[Source data]

>>>>

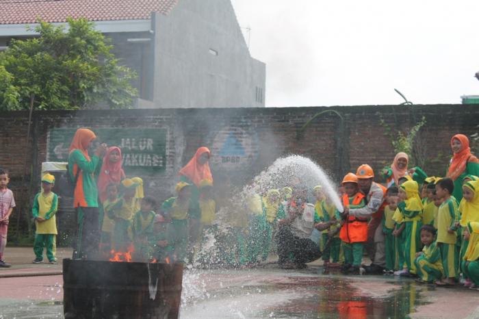 Dari truck tangki BPBD, bersama Agung Hartono, dkk, anak-anak KB Al-Azhar di ajari menggunakan helm safety, rompi, memegang selang, dan cara menyemprotkan air yang tepat pada titik api.
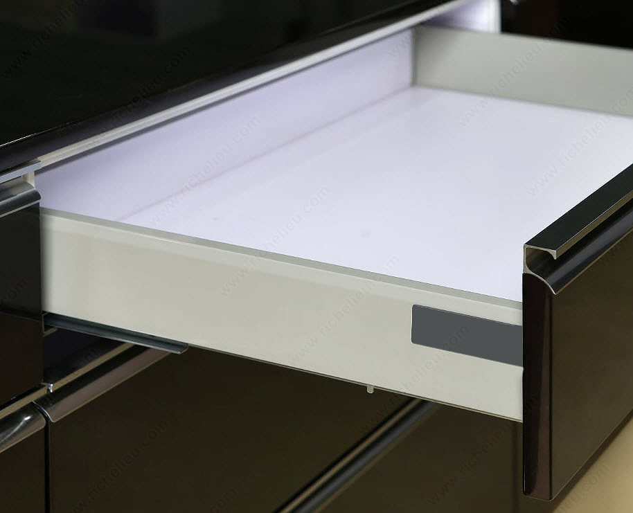 Richelieu 90884400106 Standard 908 Drawer Sets deliver an exceptional blend of performance and affordability, making them an ideal choice for frameless cabinetry. Designed with a dual-synchronizing technology, these drawers offer a smooth opening experience requiring minimal effort. Each unit is constructed from durable steel, ensuring a robust load capacity of 77.2 lbs (35 kg), perfect for accommodating a variety of kitchen essentials. The standard panels feature a sleek gray finish that complements modern interiors while maintaining lasting durability. With dimensions of 15 3/4 inches in length and 3 5/16 inches in height, these double-wall drawers are built to fit seamlessly into your cabinetry. The full-extension undermounted slides provide easy access to the entire drawer, enhancing usability and organization. One of the standout features of the Richelieu 908 Drawer Sets is the soft-close motion technology, which prevents slamming and ensures a gentle, quiet closure. This thoughtful design not only protects your cabinetry but also adds an element of luxury to your kitchen space. Additionally, these drawer sets ship conveniently via UPS, making them a practical choice for your next project. Upgrade your kitchen with Richelieu’s reliable and stylish drawer solutions today.
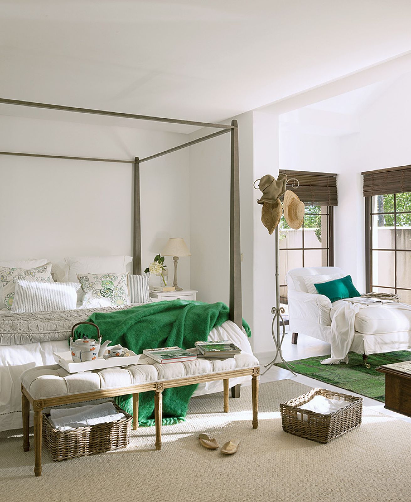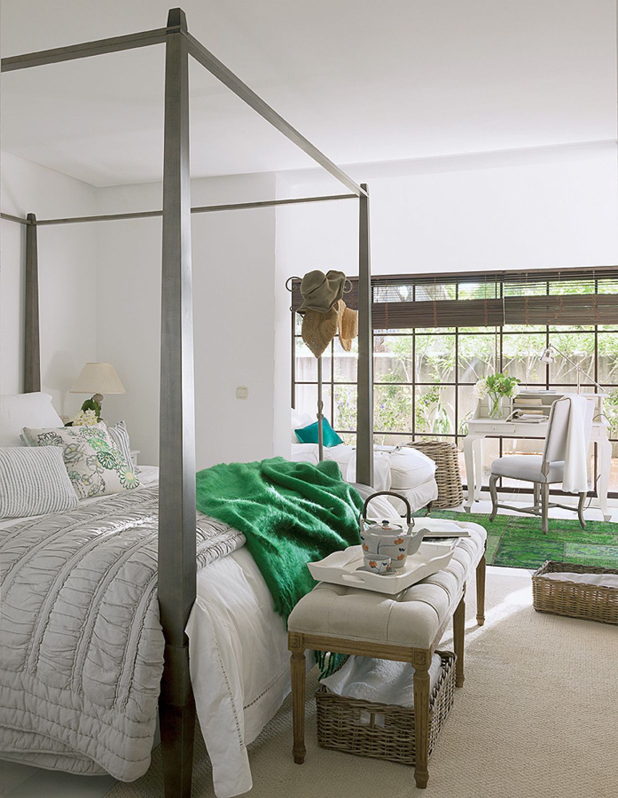 Najwięcej jest bieli (ściany, meble, drzwi, czasem podłogi), potem z umiarem dozowana zieleń (wszelkie dodatki: od dywanów przez pledy po doniczkowe kwiaty), w końcu gdzieniegdzie kolor naturalnego drewna (pledy, wiklina, donice) i sieny (terakotowe podłogi). Do tego dołożyli kolonialne akcenty: bambusowe rolety, łóżko w sypialni z baldachimem i drzwi w salonie. I dużo naturalnych materiałów: kamień, drewno, len, wełnę, trawę morską, wiklinę.
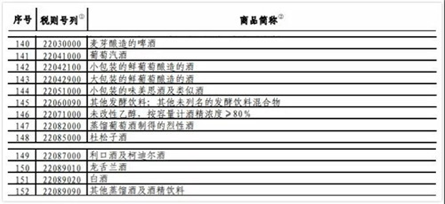葡萄酒在內(nèi)的酒類商品作為美國重要的農(nóng)產(chǎn)品,就包含在《國務(wù)院關(guān)稅稅則委員會(huì)關(guān)于對原產(chǎn)于美國的部分進(jìn)口商品(第 3 批)加征關(guān)稅的公告》(稅委會(huì)公告〔2019〕4 號)附件 2 第 1 部分商品內(nèi),因此可以免予在此前基礎(chǔ)上加征的 10% 關(guān)稅。具體包含內(nèi)容如下:
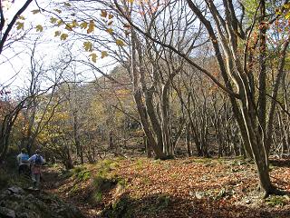 | ルートの紹介 ◆11月の山歩きはバスツアーを利用して鈴鹿山脈北端の藤原岳登山コースに参加した。問題は天候だが出発当日はめったにないくらいの上天気でこれならいい山旅になるとホットした。およそ10キロ、6時間かかるコースは難易度☆☆☆の健脚向きで、久しぶりにハードな山登りになりそうだ。 東名阪自動車道・桑名ICから30分ばかり西へ行った先が登山口となっている。見頃の紅葉はさすがで大貝戸道の案内板から登って行くとたいした傾斜ではないが途中から結構キツイ登りもあって,休み休みかなりの時間と体力をつかってようやく藤原山荘にやって来た。 いままで尾根にかくれて見えなかった山頂部が見え始め、山荘から南に向かって登山道が続いている。ここまで来れば目前で、次々と下山して来る先客達とすれちがいながら15分ばかり登るとそこが頂上だった。展望台となっていて予想通り見晴は良い。 11月に入ってドット寒くなって山上はかなり冷えるだろうとジャケットを用意したが、朝から平年並みの気温に戻りおかげで一汗かいてしまった。腹ごしらえして元気が出たところで、帰りがけにここより高い「天狗岩」まで行ってみようと思ったが、その分だけ帰りの行程を考えるともう時間切れで下山にかかる。 この日は高速道路の値下げで渋滞が予想されたが、予定通りに到着しヤレヤレだ。紅葉の季節は短いから寝る間も惜しんで動き回り、来週は伊吹山北尾根・国見岳へ行ってくる。 |

<<<<

[REQUIREMENT] Your answer must be an exact copy of every entry, with no pictures in it.

[ANSWER AREA]
 Dari truck tangki BPBD, bersama Agung Hartono, dkk, anak-anak KB Al-Azhar di ajari menggunakan helm safety, rompi, memegang selang, dan cara menyemprotkan air yang tepat pada titik api.
 Richelieu 90884400106 Standard 908 Drawer Sets deliver an exceptional blend of performance and affordability, making them an ideal choice for frameless cabinetry. Designed with a dual-synchronizing technology, these drawers offer a smooth opening experience requiring minimal effort. Each unit is constructed from durable steel, ensuring a robust load capacity of 77.2 lbs (35 kg), perfect for accommodating a variety of kitchen essentials. The standard panels feature a sleek gray finish that complements modern interiors while maintaining lasting durability. With dimensions of 15 3/4 inches in length and 3 5/16 inches in height, these double-wall drawers are built to fit seamlessly into your cabinetry. The full-extension undermounted slides provide easy access to the entire drawer, enhancing usability and organization. One of the standout features of the Richelieu 908 Drawer Sets is the soft-close motion technology, which prevents slamming and ensures a gentle, quiet closure. This thoughtful design not only protects your cabinetry but also adds an element of luxury to your kitchen space. Additionally, these drawer sets ship conveniently via UPS, making them a practical choice for your next project. Upgrade your kitchen with Richelieu’s reliable and stylish drawer solutions today.
 Najwięcej jest bieli (ściany, meble, drzwi, czasem podłogi), potem z umiarem dozowana zieleń (wszelkie dodatki: od dywanów przez pledy po doniczkowe kwiaty), w końcu gdzieniegdzie kolor naturalnego drewna (pledy, wiklina, donice) i sieny (terakotowe podłogi). Do tego dołożyli kolonialne akcenty: bambusowe rolety, łóżko w sypialni z baldachimem i drzwi w salonie. I dużo naturalnych materiałów: kamień, drewno, len, wełnę, trawę morską, wiklinę.
葡萄酒在內(nèi)的酒類商品作為美國重要的農(nóng)產(chǎn)品,就包含在《國務(wù)院關(guān)稅稅則委員會(huì)關(guān)于對原產(chǎn)于美國的部分進(jìn)口商品(第 3 批)加征關(guān)稅的公告》(稅委會(huì)公告〔2019〕4 號)附件 2 第 1 部分商品內(nèi),因此可以免予在此前基礎(chǔ)上加征的 10% 關(guān)稅。具體包含內(nèi)容如下:
 | ルートの紹介 ◆11月の山歩きはバスツアーを利用して鈴鹿山脈北端の藤原岳登山コースに参加した。問題は天候だが出発当日はめったにないくらいの上天気でこれならいい山旅になるとホットした。およそ10キロ、6時間かかるコースは難易度☆☆☆の健脚向きで、久しぶりにハードな山登りになりそうだ。 東名阪自動車道・桑名ICから30分ばかり西へ行った先が登山口となっている。見頃の紅葉はさすがで大貝戸道の案内板から登って行くとたいした傾斜ではないが途中から結構キツイ登りもあって,休み休みかなりの時間と体力をつかってようやく藤原山荘にやって来た。 いままで尾根にかくれて見えなかった山頂部が見え始め、山荘から南に向かって登山道が続いている。ここまで来れば目前で、次々と下山して来る先客達とすれちがいながら15分ばかり登るとそこが頂上だった。展望台となっていて予想通り見晴は良い。 11月に入ってドット寒くなって山上はかなり冷えるだろうとジャケットを用意したが、朝から平年並みの気温に戻りおかげで一汗かいてしまった。腹ごしらえして元気が出たところで、帰りがけにここより高い「天狗岩」まで行ってみようと思ったが、その分だけ帰りの行程を考えるともう時間切れで下山にかかる。 この日は高速道路の値下げで渋滞が予想されたが、予定通りに到着しヤレヤレだ。紅葉の季節は短いから寝る間も惜しんで動き回り、来週は伊吹山北尾根・国見岳へ行ってくる。 |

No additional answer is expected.